On Fri, Nov 29, 2019 at 04:21:48PM +0300, Konstantin Khlebnikov wrote:
> Once taint flag is set it's never cleared. Following taint could be detected
> only via parsing kernel log messages which are different for each occasion.
> For repeatable taints like TAINT_MACHINE_CHECK, TAINT_BAD_PAGE, TAINT_DIE,
> TAINT_WARN, TAINT_LOCKUP it would be good to know count to see their rate.
> 
> This patch adds sysctl with vector of counters. One for each taint flag.
> Counters are non-atomic in favor of simplicity. Exact count doesn't matter.
> Writing vector of zeroes resets counters.
> 
> This is useful for detecting frequent problems with automatic monitoring.
> 
> Signed-off-by: Konstantin Khlebnikov <khlebnikov@yandex-team.ru>

I like this, yeah. This would let LKDTM users reset taint counts to
re-check the same kernel, etc, without explicitly clearing the taint
flags which always seemed like a bad idea. :)

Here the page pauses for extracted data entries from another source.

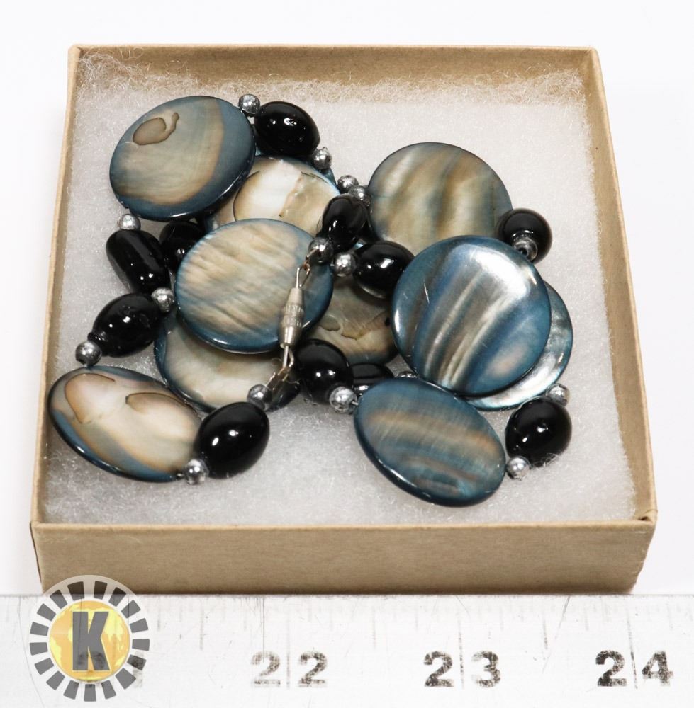 SKY BLUE BEADS VARY IN COLOR & APPROX. 20" LONG***ITEM(S) LOCATED IN LETHBRIDGE ALBERTA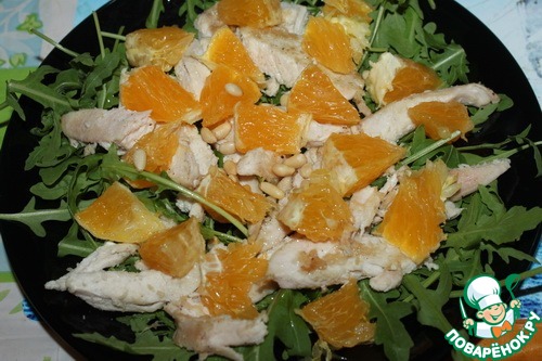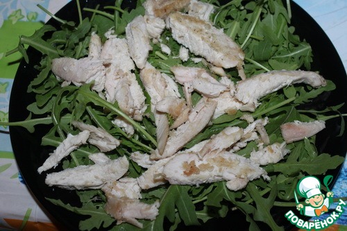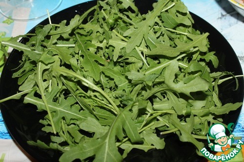 На тарелку (или в салатник) выложить вымытую и высушенную рукколу.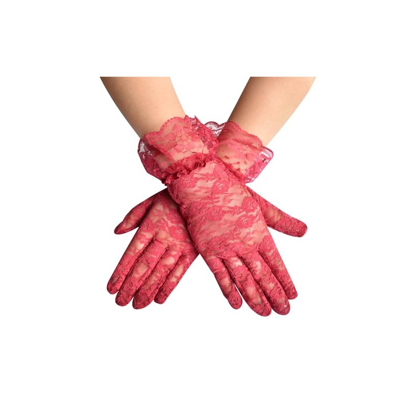 [LanBuff] グローブ レース 可愛い レディース手袋 UVカット手袋 ショート 滑り止め 紫外線対策 日焼け止め ウエディング アウトドア ドライビング用 春夏 (赤ワイン)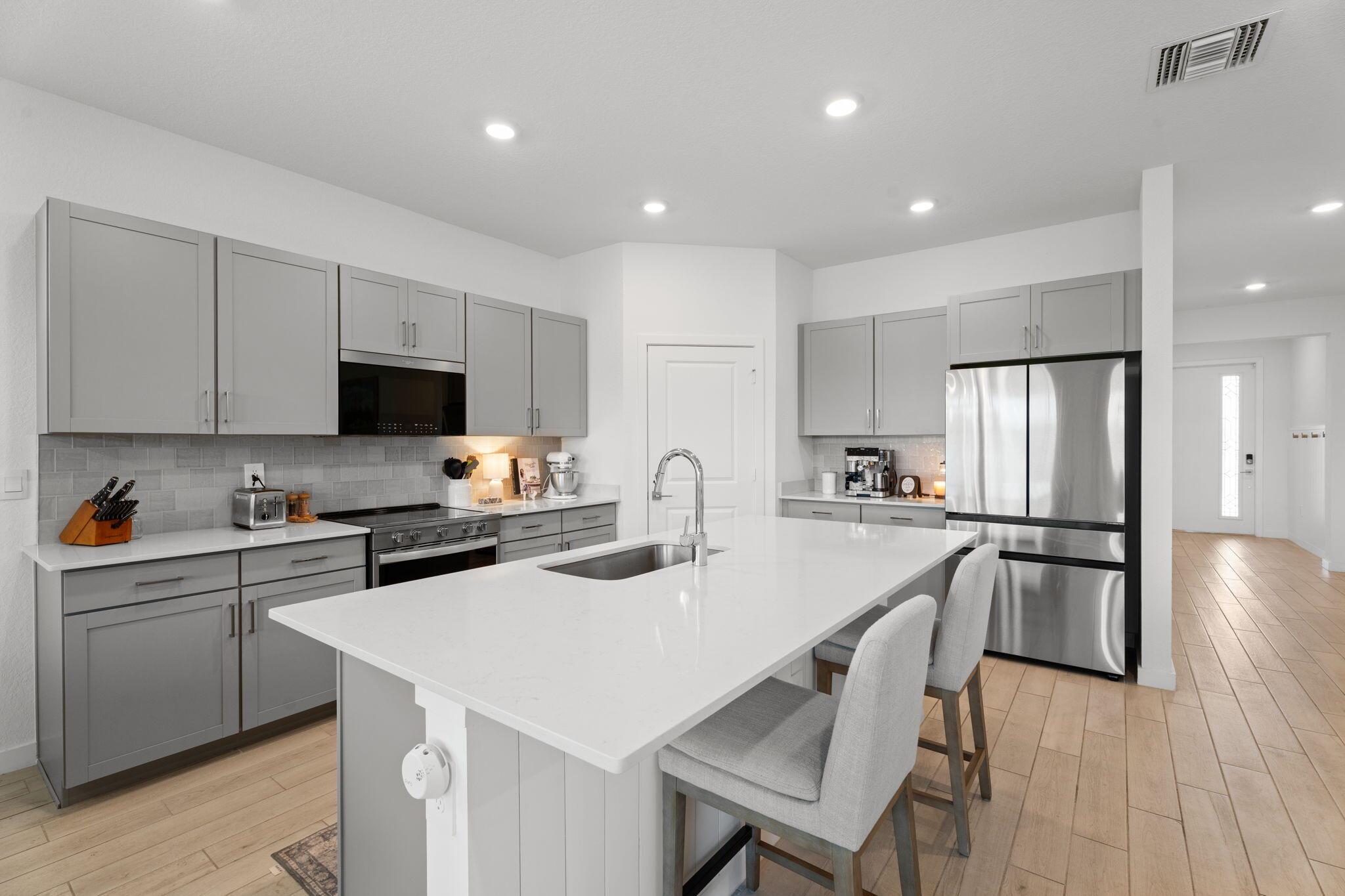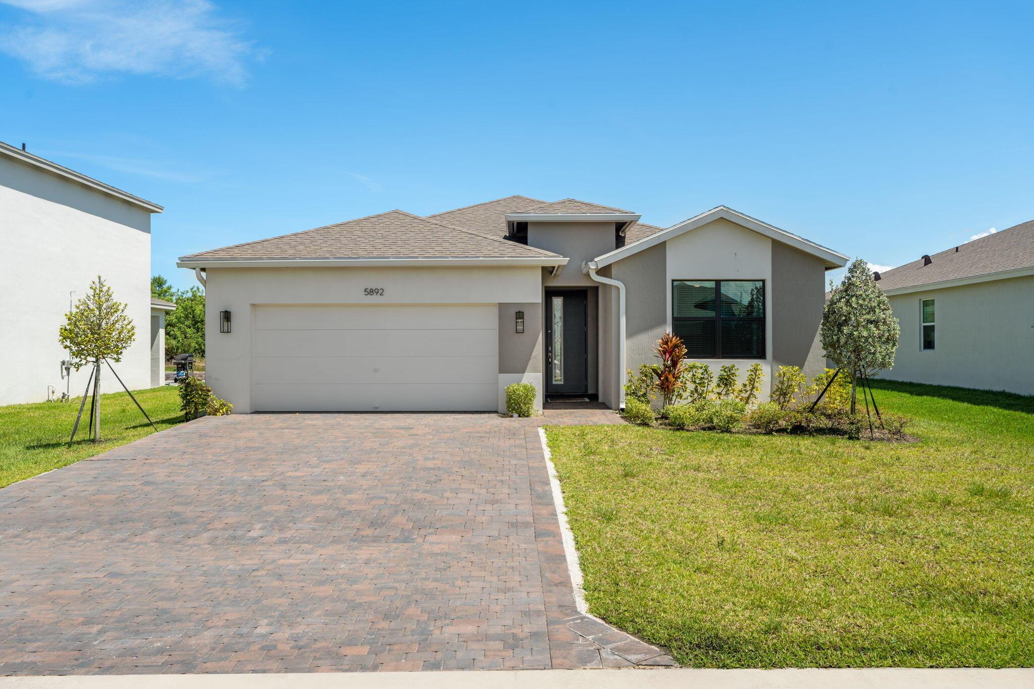 Now available for rent--this 2024-built 4-bedroom, 2-bath home is located in a gated community with a pool and cabana, and includes landscaping in the rent. With over 2,000 sq/ft of living space, it features impact glass, custom trim work including shiplap accents, and a spacious, open layout perfect for comfortable living. Enjoy incredible lake views from the fully fenced backyard.Move-in ready and easy to show. First, last, and security required at move-in.Refrigerator currently in the home does not convey. The original fridge that came with the house (now located in the garage) will be reinstalled in kitchen prior to move-in.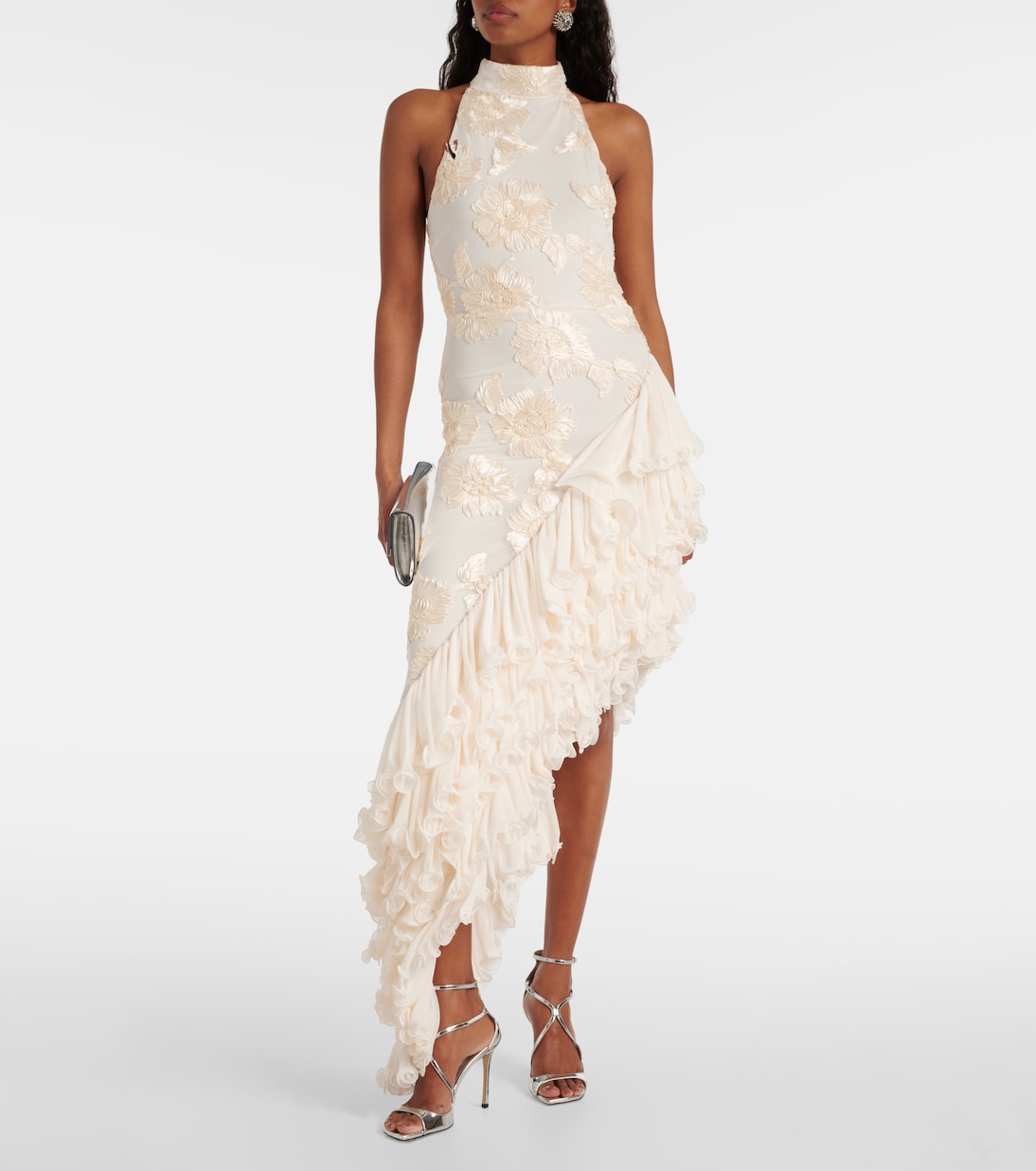 Printed One Shoulder Asymmetrical Maxi Dress - Green Multi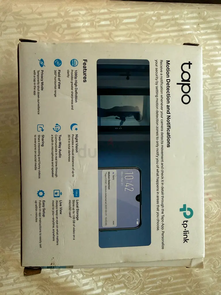 I'm selling my TP-Link Tapo Smart Security Camera, which I used only once. It's in good condition and has been well taken care of. This camera is perfect for keeping an eye on your home or office with its motion detection and notification features. You can easily manage everything through the Tapo App and even set specific detection zones.

Reviewed-by: Kees Cook <keescook@chromium.org>

One nit below...

> ---
>  include/linux/kernel.h |    1 +
>  kernel/panic.c         |    2 ++
>  kernel/sysctl.c        |    9 +++++++++
>  3 files changed, 12 insertions(+)
> 
> diff --git a/include/linux/kernel.h b/include/linux/kernel.h
> index e8a6808e4f2f..900d02167bbd 100644
> --- a/include/linux/kernel.h
> +++ b/include/linux/kernel.h
> @@ -604,6 +604,7 @@ struct taint_flag {
>  };
>  
>  extern const struct taint_flag taint_flags[TAINT_FLAGS_COUNT];
> +extern int sysctl_nr_taints[TAINT_FLAGS_COUNT];
>  
>  extern const char hex_asc[];
>  #define hex_asc_lo(x)	hex_asc[((x) & 0x0f)]
> diff --git a/kernel/panic.c b/kernel/panic.c
> index d7750a45ca8d..a3df00ebcba2 100644
> --- a/kernel/panic.c
> +++ b/kernel/panic.c
> @@ -39,6 +39,7 @@
>  int panic_on_oops = CONFIG_PANIC_ON_OOPS_VALUE;
>  static unsigned long tainted_mask =
>  	IS_ENABLED(CONFIG_GCC_PLUGIN_RANDSTRUCT) ? (1 << TAINT_RANDSTRUCT) : 0;
> +int sysctl_nr_taints[TAINT_FLAGS_COUNT];
>  static int pause_on_oops;
>  static int pause_on_oops_flag;
>  static DEFINE_SPINLOCK(pause_on_oops_lock);
> @@ -434,6 +435,7 @@ void add_taint(unsigned flag, enum lockdep_ok lockdep_ok)
>  		pr_warn("Disabling lock debugging due to kernel taint\n");
>  
>  	set_bit(flag, &tainted_mask);
> +	sysctl_nr_taints[flag]++;

As long as we're changing this code, how about adding an explicit check
of "flag" against either ARRAY_SIZE(sysctl_nr_tains) or TAINT_FLAGS_COUNT?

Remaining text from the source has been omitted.